We did not buy back any stock in the third quarter but continue to view repurchasing stock on a strategic basis to be an important element of our use of cash going forward.

This concludes my remarks. Thank you everyone for joining the call to discuss our 2009 third quarter unaudited results. At this time let’s turn the call to the operator to open the floor for questions. We will look to end this call around 5:30. Operator?

Jeffrey Kang (Closing comments):

Thanks everybody. I am very encouraged by Cogo’s results posted in the third quarter of 2009. Our EPS grew nearly 30% year over year and I have increased confidence in our ability to accelerate revenue growth in 2010 as compared to 2009, while at the same time expanding our operating margin. We are using our balance sheet to help drive growth and we see tremendous new opportunities in both the Industrial segment and with new Small and Medium Enterprise customers. I would like to reiterate that we believe that the worst of the China economic situation is behind us and we are ready to move forward into high-growth mode in 2010.

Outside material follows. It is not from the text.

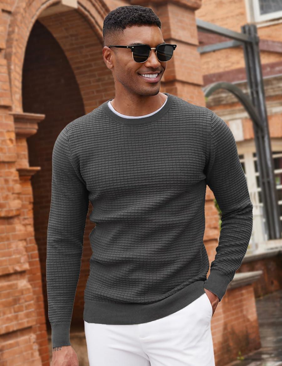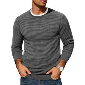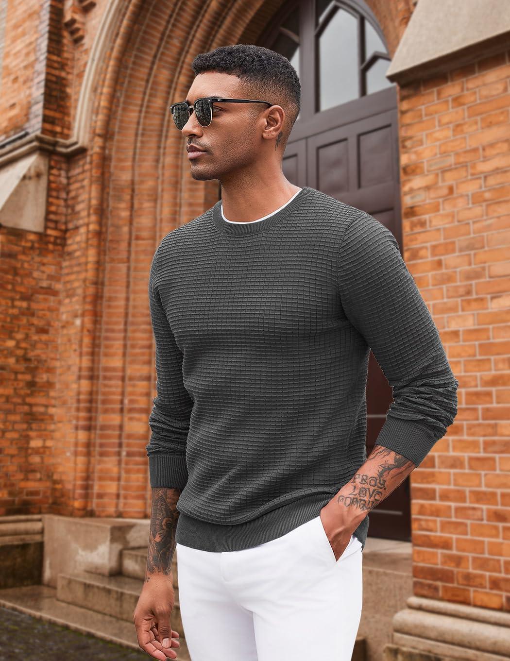 COOFANDY Mens Pullover Sweater Waffle Knit Crewneck Long Sleeve Dress Sweater(Dark Grey)

I want to take this opportunity to thank all of Cogo’s believers, employees, customers, partners and long term shareholders. You have provided Cogo with the opportunity to deliver robust and sustainable growth in the past, and I appreciate your support as we move into 2010. Management is committed to driving sustainable high growth and providing significant returns to our shareholders. Thank you again for joining this call. I look forward to talking with you soon. Thank you.